■ **DATA TO EXAMINE**
= = = =

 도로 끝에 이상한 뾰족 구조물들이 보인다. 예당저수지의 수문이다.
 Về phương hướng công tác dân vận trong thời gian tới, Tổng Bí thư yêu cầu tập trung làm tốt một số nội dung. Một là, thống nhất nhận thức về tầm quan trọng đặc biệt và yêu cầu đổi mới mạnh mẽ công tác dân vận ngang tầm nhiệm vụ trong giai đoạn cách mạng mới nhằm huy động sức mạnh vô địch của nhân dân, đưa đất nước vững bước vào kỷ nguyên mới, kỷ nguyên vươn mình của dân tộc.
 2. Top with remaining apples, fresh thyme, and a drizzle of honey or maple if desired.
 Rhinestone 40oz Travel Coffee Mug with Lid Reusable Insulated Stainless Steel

= = = =

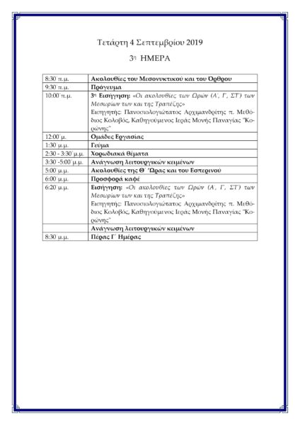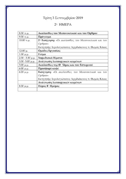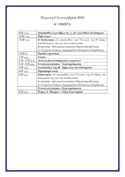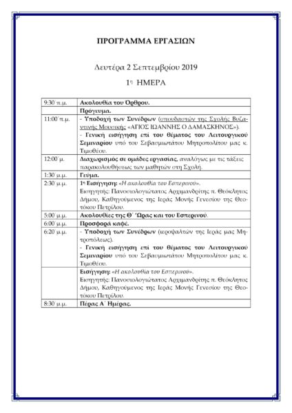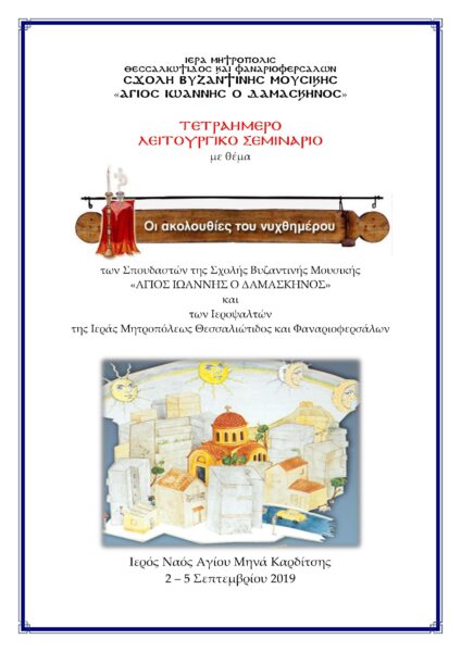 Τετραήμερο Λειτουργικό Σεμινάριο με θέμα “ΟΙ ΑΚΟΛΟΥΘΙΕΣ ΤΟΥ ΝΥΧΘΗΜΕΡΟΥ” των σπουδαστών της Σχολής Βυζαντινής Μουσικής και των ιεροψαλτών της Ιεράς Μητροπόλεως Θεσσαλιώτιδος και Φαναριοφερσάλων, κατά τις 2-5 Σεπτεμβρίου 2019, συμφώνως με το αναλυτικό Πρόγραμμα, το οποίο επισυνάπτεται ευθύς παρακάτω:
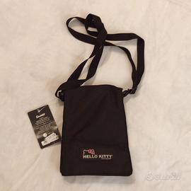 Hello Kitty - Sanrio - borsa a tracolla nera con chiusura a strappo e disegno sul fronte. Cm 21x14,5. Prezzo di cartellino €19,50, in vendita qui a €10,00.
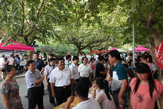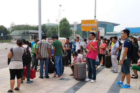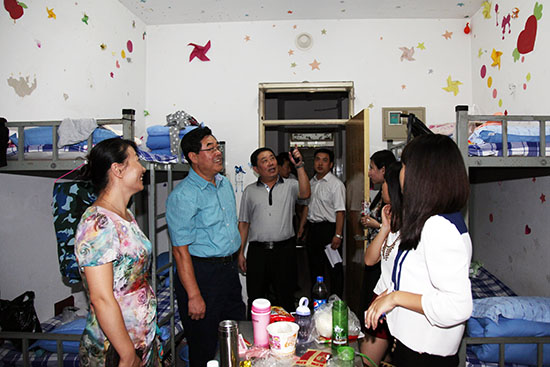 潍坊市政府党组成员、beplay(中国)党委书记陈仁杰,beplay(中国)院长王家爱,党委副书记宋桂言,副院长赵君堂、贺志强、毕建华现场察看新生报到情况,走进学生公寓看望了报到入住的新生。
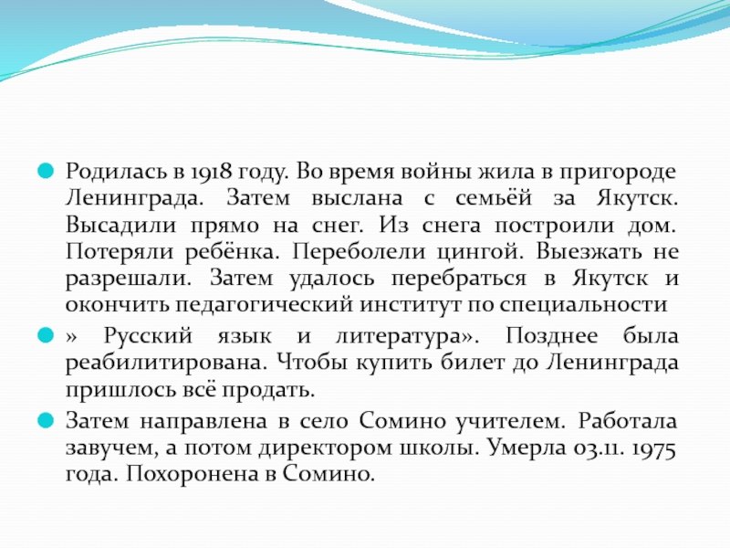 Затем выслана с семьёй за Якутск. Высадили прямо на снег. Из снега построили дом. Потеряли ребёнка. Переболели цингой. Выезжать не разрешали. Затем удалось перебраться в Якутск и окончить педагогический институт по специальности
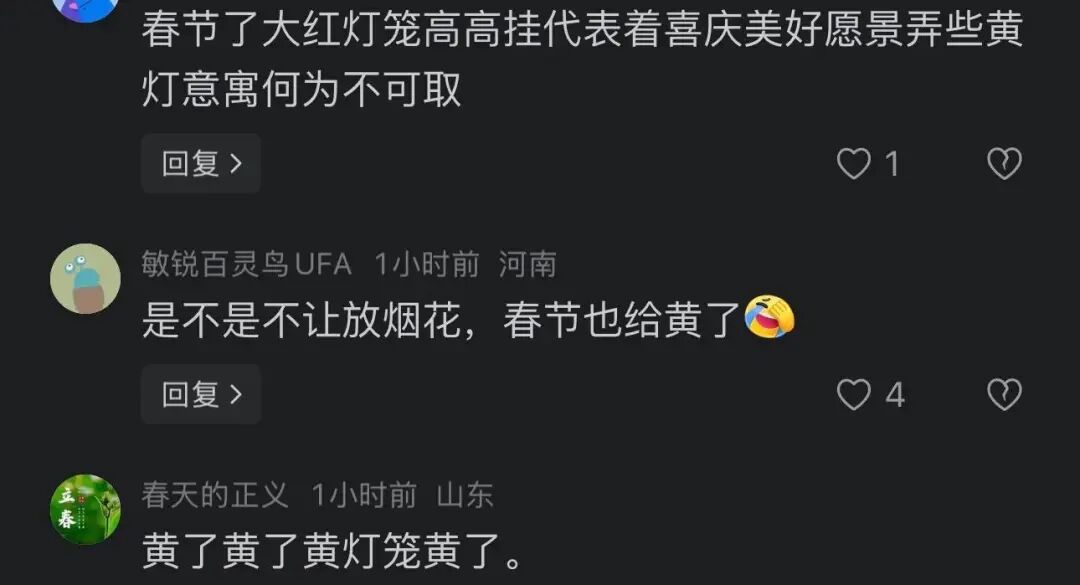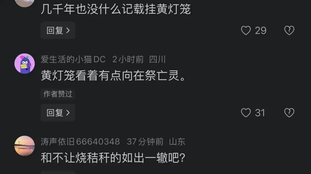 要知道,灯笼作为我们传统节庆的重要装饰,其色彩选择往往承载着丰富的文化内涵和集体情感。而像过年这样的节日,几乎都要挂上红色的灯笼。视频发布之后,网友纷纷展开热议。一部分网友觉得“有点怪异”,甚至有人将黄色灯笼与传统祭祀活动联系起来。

= = = =

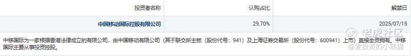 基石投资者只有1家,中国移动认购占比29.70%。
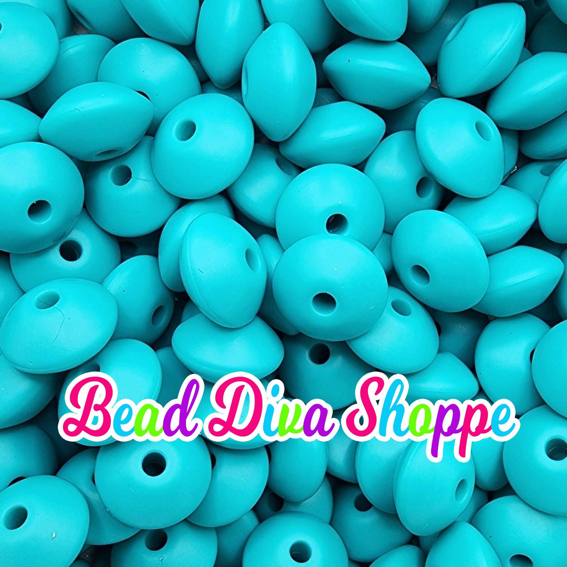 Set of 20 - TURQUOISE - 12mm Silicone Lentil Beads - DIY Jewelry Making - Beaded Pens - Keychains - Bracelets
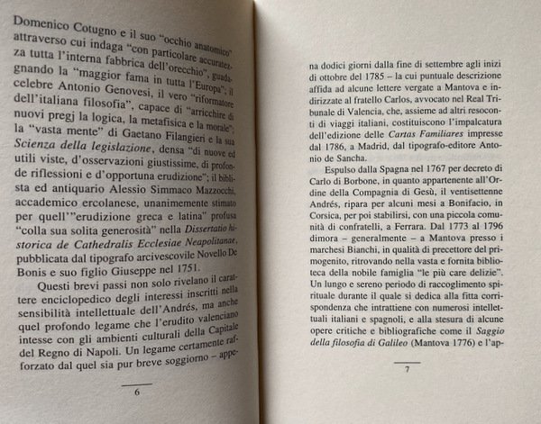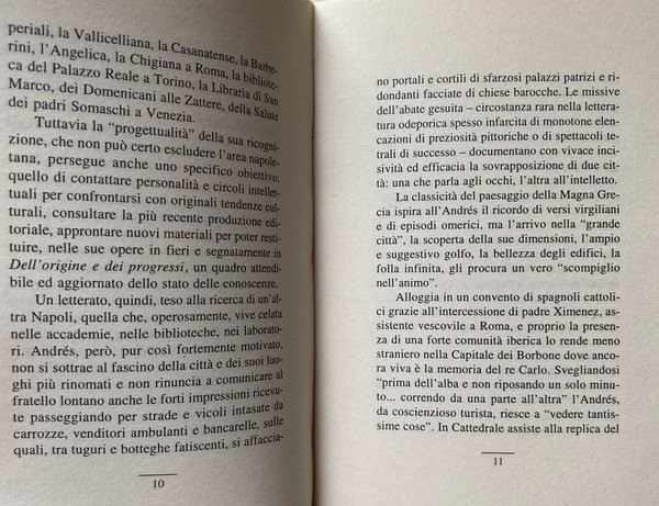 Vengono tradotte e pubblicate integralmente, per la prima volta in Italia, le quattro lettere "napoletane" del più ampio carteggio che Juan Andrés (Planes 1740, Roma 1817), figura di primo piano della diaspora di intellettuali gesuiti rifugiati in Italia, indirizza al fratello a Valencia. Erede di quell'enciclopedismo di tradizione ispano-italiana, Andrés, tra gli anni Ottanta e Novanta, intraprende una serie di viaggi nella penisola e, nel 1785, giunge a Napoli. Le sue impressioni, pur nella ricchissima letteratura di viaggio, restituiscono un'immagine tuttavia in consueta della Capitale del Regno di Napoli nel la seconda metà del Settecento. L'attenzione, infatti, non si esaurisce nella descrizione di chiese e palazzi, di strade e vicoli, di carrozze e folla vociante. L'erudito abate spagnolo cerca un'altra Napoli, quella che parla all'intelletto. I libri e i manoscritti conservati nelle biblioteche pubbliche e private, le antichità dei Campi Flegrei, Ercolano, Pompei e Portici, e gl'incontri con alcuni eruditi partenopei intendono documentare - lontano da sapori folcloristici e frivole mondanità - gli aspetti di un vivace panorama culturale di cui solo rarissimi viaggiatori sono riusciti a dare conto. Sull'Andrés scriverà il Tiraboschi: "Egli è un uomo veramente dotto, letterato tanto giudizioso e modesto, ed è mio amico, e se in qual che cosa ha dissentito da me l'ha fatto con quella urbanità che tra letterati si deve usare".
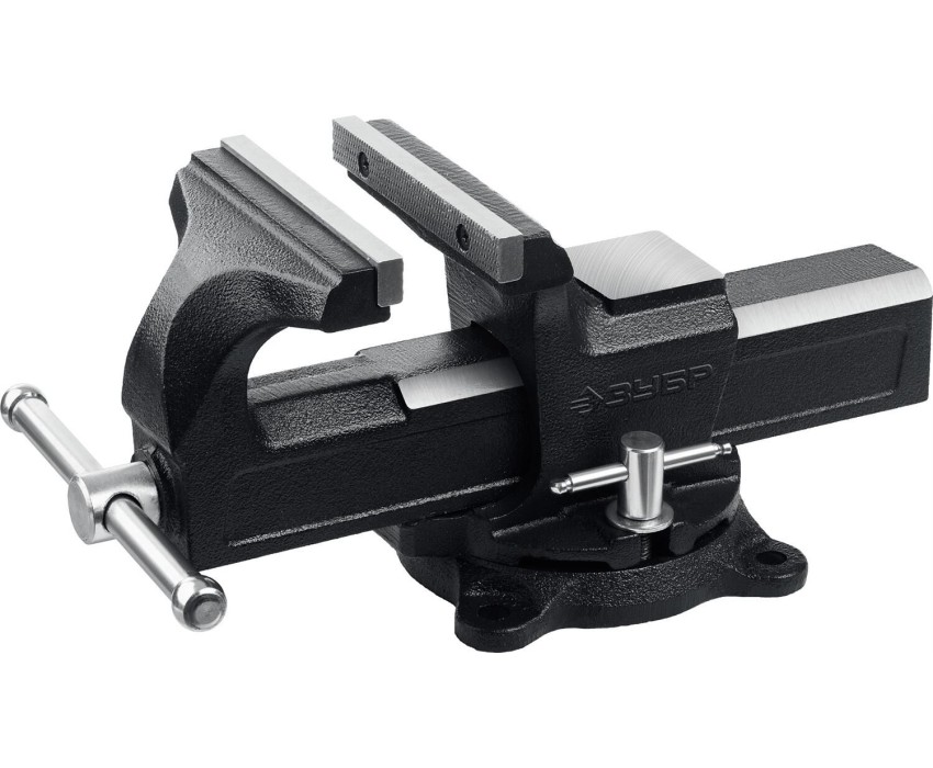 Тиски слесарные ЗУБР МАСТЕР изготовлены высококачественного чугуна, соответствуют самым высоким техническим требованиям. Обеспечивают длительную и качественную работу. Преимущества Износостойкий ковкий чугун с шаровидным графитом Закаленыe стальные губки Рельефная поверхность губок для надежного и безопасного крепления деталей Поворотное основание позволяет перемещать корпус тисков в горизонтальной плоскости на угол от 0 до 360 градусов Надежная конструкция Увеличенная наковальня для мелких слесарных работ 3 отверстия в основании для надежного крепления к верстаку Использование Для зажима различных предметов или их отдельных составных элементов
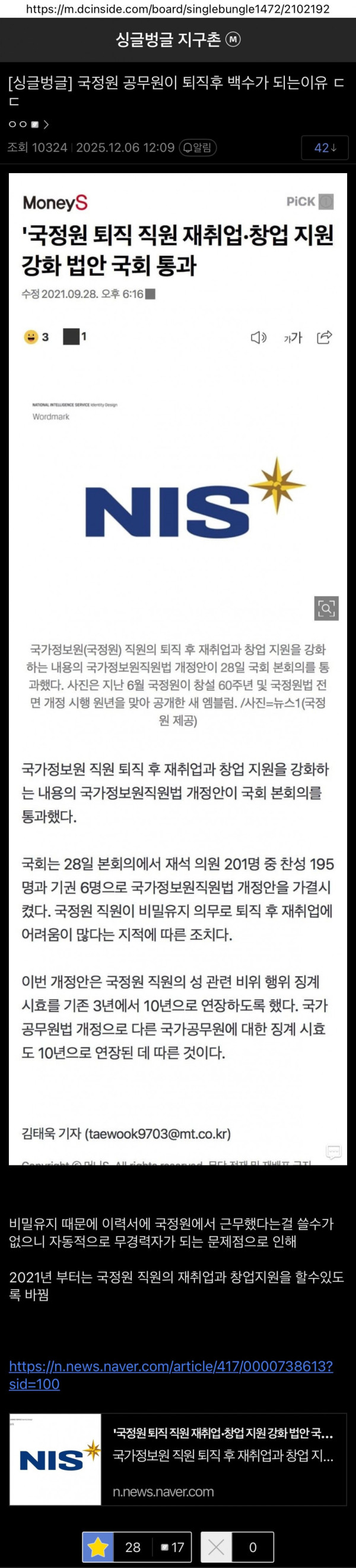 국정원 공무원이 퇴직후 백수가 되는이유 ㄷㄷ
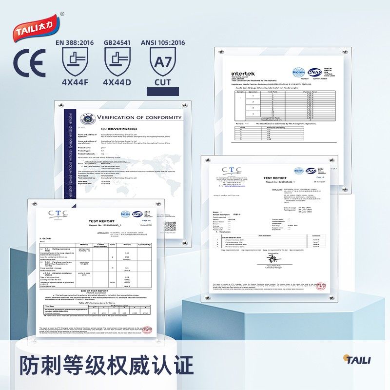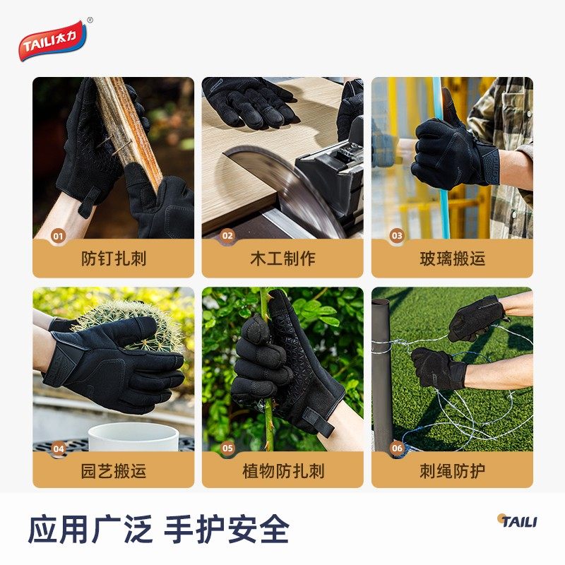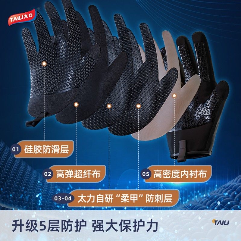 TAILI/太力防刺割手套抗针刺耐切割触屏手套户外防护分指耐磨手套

= = = =

■ **ABOUT THIS EXERCISE**
Although the records above contain pictures, the copy must not; set down exactly the lines from the one with "基石投资者只有1家,中国移动认购占比29.70%。" up to and including the one with "Set of 20 - TURQUOISE".

■ **SOLUTION TO THIS PROBLEM**
 基石投资者只有1家,中国移动认购占比29.70%。
 Set of 20 - TURQUOISE - 12mm Silicone Lentil Beads - DIY Jewelry Making - Beaded Pens - Keychains - Bracelets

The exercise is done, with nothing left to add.